Conclusions and societal implications:
Although there was a considerable recent decline in admissions for major cardiovascular diseases, people with diabetes still are at an ~3.5- to 5-fold risk of CVD events compared with those without diabetes. These findings emphasize the ongoing need for aggressive risk reduction and primary prevention of CVD in people with diabetes. Our results also show unequal screening for chronic kidney disease (CKD) in UK primary care across different age, gender and ethnic groups despite increasing focus on early detection of CKD in high-risk patients. Social and policy implications include that described disparities in testing do not always follow increased risk with a prospect of widening health inequalities between more and less tested groups. Trainings, educational programmes and other interventions might be needed to align screening with need.

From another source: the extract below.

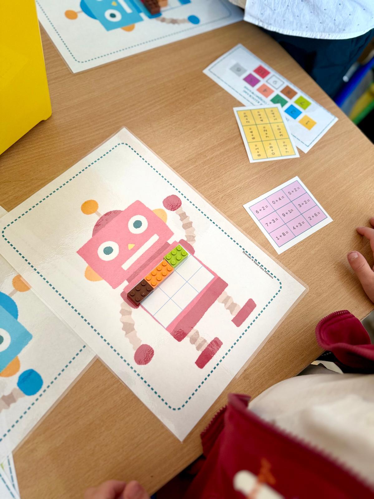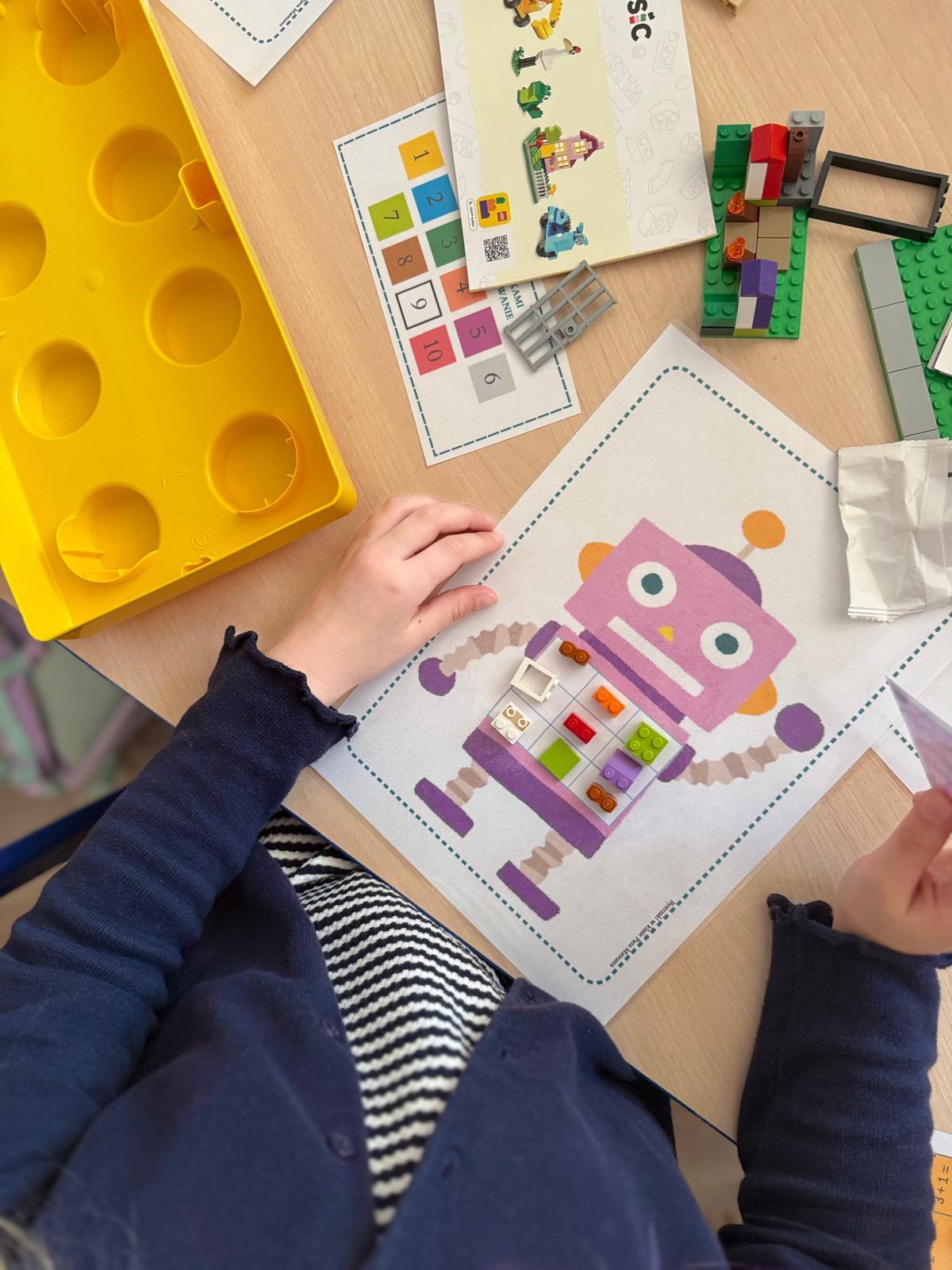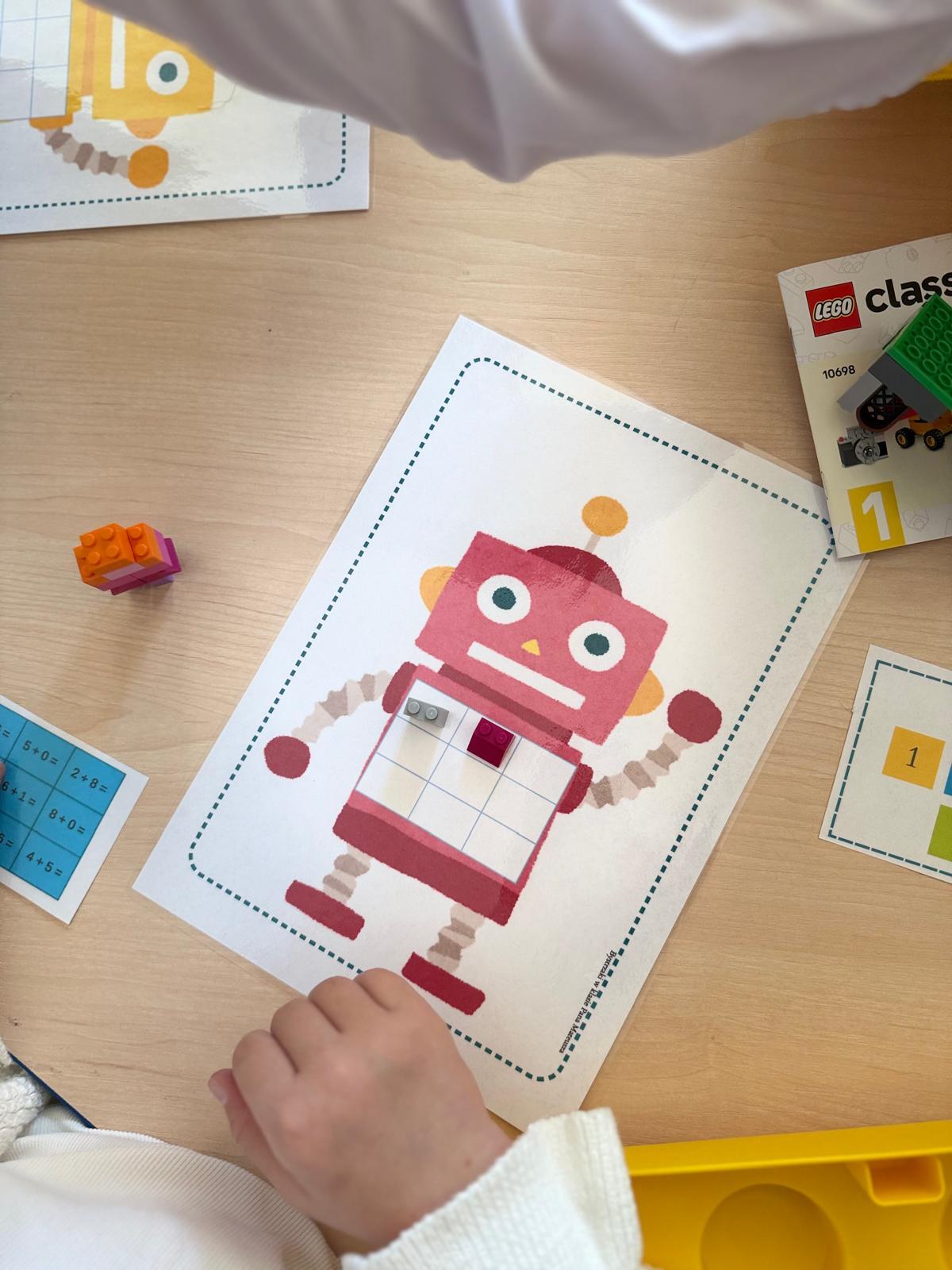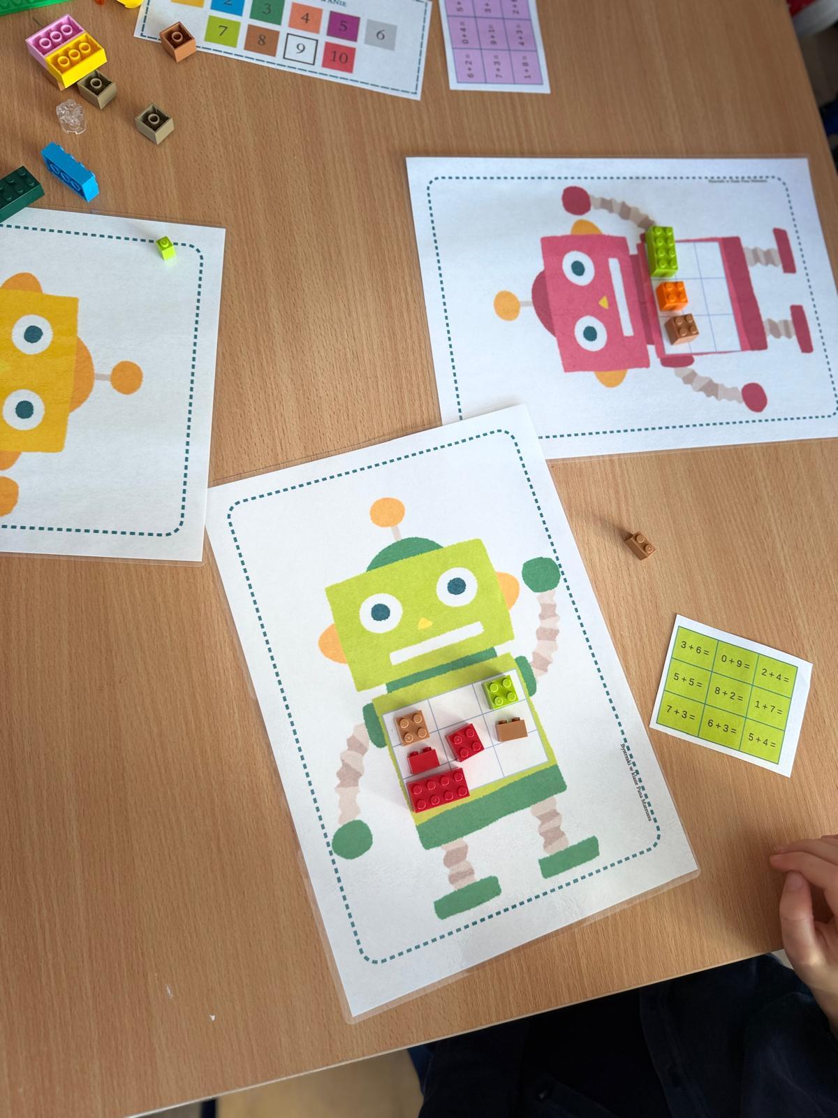 Na zajęciach matematycznych sięgnęliśmy po klocki LEGO. Dzieci rozwiązywały działania na dodawanie w zakresie 10, a każdy wynik był zakodowany odpowiednim kolorem klocka. Następnie uczniowie wyszukiwali właściwy klocek i umieszczali go w odpowiednim miejscu na robocie.

Blood pressure control is a major predictor of CVD morbidity and mortality. However, our observational study showed that low blood pressure, particularly below 110/75 mm Hg, was associated with increased risk for poor outcomes. Although causal associations cannot be implied from these results, our findings extend previous findings suggesting that lower levels of blood pressure maintained during the first year after diagnosis of diabetes identify a subset of patients with significantly increased risk of death. Influenza infection triggers CVD events particularly in high-risk patients. Influenza vaccination was associated with reductions in hospitalisation rates for major acute cardiovascular and respiratory conditions and all-cause mortality in people with Type 2 diabetes. Policy implications are that whilst the development and approval of new vaccines and new approaches are in progress, efforts should be focused on improvements in vaccine uptake in this high priority group.